# [DATASET]

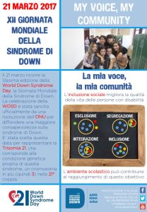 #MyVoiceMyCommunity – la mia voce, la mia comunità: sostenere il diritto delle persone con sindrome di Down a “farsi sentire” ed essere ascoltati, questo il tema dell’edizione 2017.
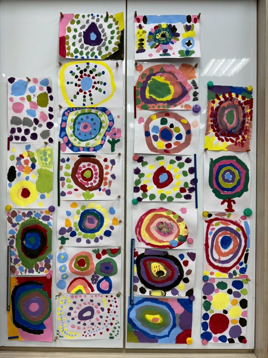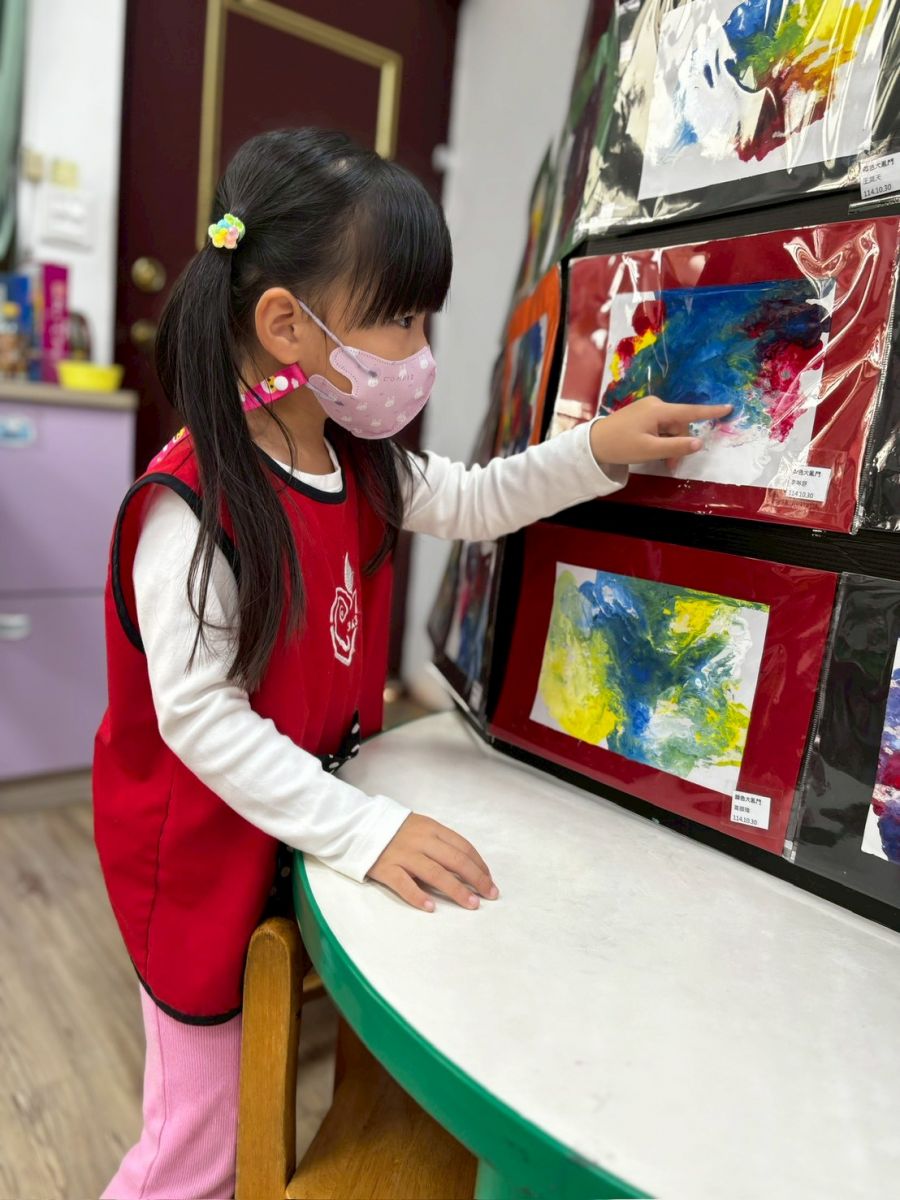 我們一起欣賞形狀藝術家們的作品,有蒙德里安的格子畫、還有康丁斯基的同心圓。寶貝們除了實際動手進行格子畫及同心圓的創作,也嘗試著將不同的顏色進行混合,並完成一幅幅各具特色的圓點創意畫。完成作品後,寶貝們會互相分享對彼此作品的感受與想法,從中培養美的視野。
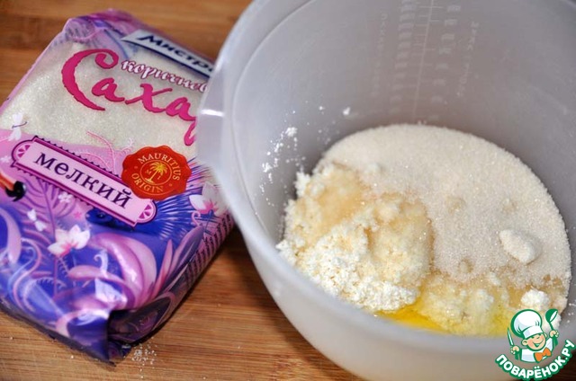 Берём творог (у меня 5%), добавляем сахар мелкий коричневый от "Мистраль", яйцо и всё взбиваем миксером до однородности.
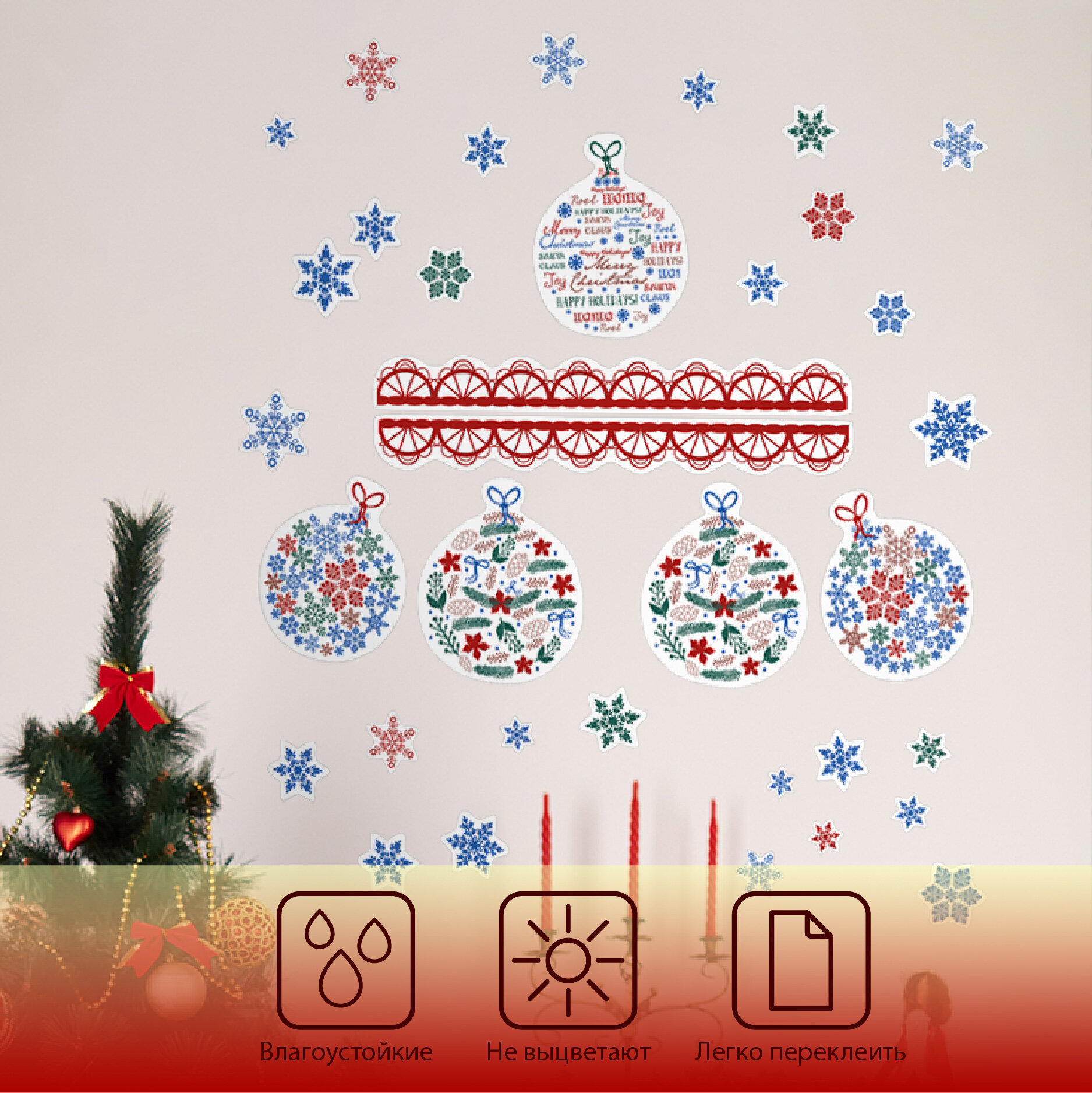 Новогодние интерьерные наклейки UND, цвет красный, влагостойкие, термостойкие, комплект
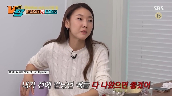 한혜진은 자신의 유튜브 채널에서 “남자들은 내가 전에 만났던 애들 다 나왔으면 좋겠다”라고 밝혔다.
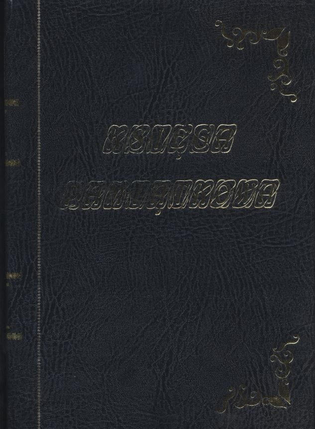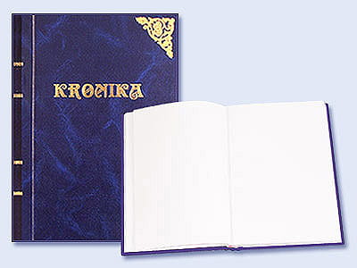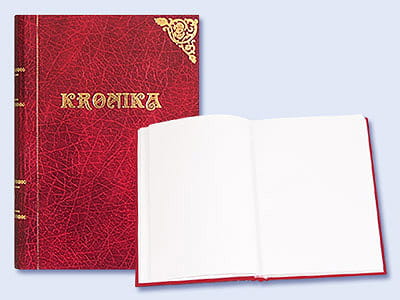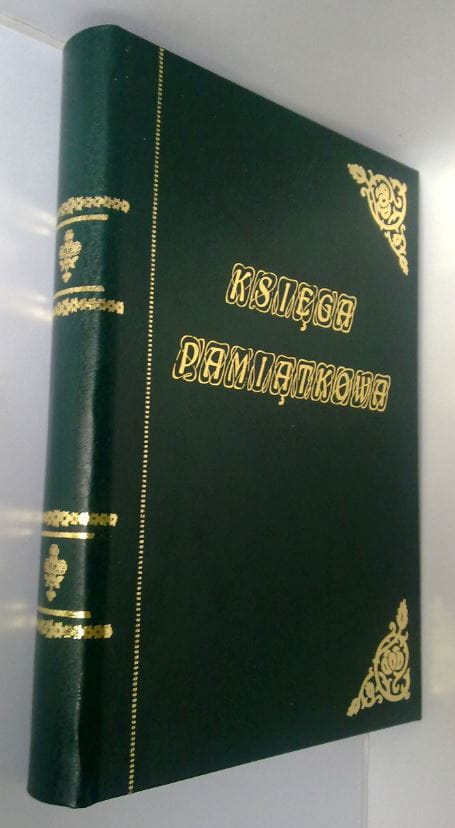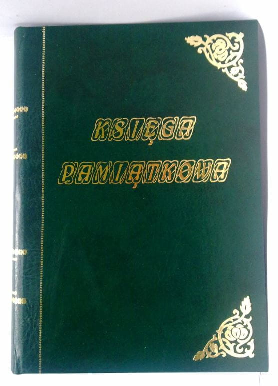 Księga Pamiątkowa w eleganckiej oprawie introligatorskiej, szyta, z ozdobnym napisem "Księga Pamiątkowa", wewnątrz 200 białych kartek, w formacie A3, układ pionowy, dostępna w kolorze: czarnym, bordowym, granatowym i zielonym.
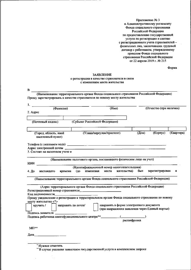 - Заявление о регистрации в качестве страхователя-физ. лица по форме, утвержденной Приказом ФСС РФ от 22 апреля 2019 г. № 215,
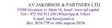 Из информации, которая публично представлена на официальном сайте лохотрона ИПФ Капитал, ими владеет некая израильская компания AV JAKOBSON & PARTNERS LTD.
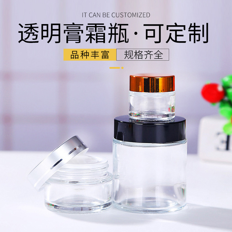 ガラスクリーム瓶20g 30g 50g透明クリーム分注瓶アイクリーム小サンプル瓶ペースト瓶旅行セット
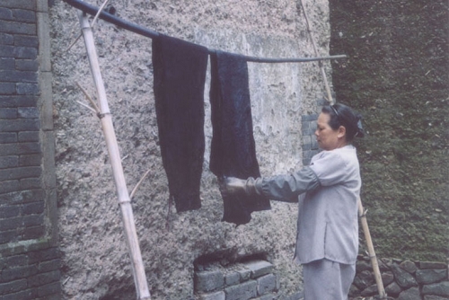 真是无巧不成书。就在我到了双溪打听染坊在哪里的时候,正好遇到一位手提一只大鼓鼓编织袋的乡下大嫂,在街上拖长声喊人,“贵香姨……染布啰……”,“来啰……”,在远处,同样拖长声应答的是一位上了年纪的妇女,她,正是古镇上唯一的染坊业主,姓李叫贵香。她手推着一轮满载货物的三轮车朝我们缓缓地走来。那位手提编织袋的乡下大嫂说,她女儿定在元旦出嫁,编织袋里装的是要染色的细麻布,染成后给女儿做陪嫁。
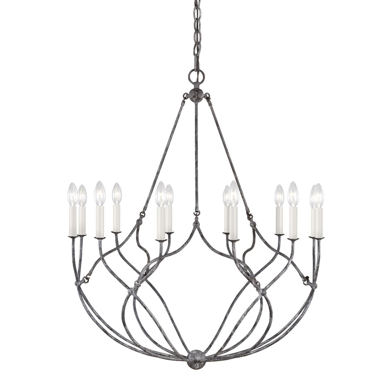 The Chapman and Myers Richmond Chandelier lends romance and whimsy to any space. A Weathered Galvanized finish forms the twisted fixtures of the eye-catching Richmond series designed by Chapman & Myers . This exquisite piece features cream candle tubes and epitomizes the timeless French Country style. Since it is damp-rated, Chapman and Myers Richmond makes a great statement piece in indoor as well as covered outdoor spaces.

# [WORK REQUEST]
Write the lines out word for word, starting at the one with "Берём творог (у" and stopping after the last line of the material above, with pictures excluded.

# [EXERCISE OUTPUT]
 Берём творог (у меня 5%), добавляем сахар мелкий коричневый от "Мистраль", яйцо и всё взбиваем миксером до однородности.
 Новогодние интерьерные наклейки UND, цвет красный, влагостойкие, термостойкие, комплект
 한혜진은 자신의 유튜브 채널에서 “남자들은 내가 전에 만났던 애들 다 나왔으면 좋겠다”라고 밝혔다.
 Księga Pamiątkowa w eleganckiej oprawie introligatorskiej, szyta, z ozdobnym napisem "Księga Pamiątkowa", wewnątrz 200 białych kartek, w formacie A3, układ pionowy, dostępna w kolorze: czarnym, bordowym, granatowym i zielonym.
 - Заявление о регистрации в качестве страхователя-физ. лица по форме, утвержденной Приказом ФСС РФ от 22 апреля 2019 г. № 215,
 Из информации, которая публично представлена на официальном сайте лохотрона ИПФ Капитал, ими владеет некая израильская компания AV JAKOBSON & PARTNERS LTD.
 ガラスクリーム瓶20g 30g 50g透明クリーム分注瓶アイクリーム小サンプル瓶ペースト瓶旅行セット
 真是无巧不成书。就在我到了双溪打听染坊在哪里的时候,正好遇到一位手提一只大鼓鼓编织袋的乡下大嫂,在街上拖长声喊人,“贵香姨……染布啰……”,“来啰……”,在远处,同样拖长声应答的是一位上了年纪的妇女,她,正是古镇上唯一的染坊业主,姓李叫贵香。她手推着一轮满载货物的三轮车朝我们缓缓地走来。那位手提编织袋的乡下大嫂说,她女儿定在元旦出嫁,编织袋里装的是要染色的细麻布,染成后给女儿做陪嫁。
 The Chapman and Myers Richmond Chandelier lends romance and whimsy to any space. A Weathered Galvanized finish forms the twisted fixtures of the eye-catching Richmond series designed by Chapman & Myers . This exquisite piece features cream candle tubes and epitomizes the timeless French Country style. Since it is damp-rated, Chapman and Myers Richmond makes a great statement piece in indoor as well as covered outdoor spaces.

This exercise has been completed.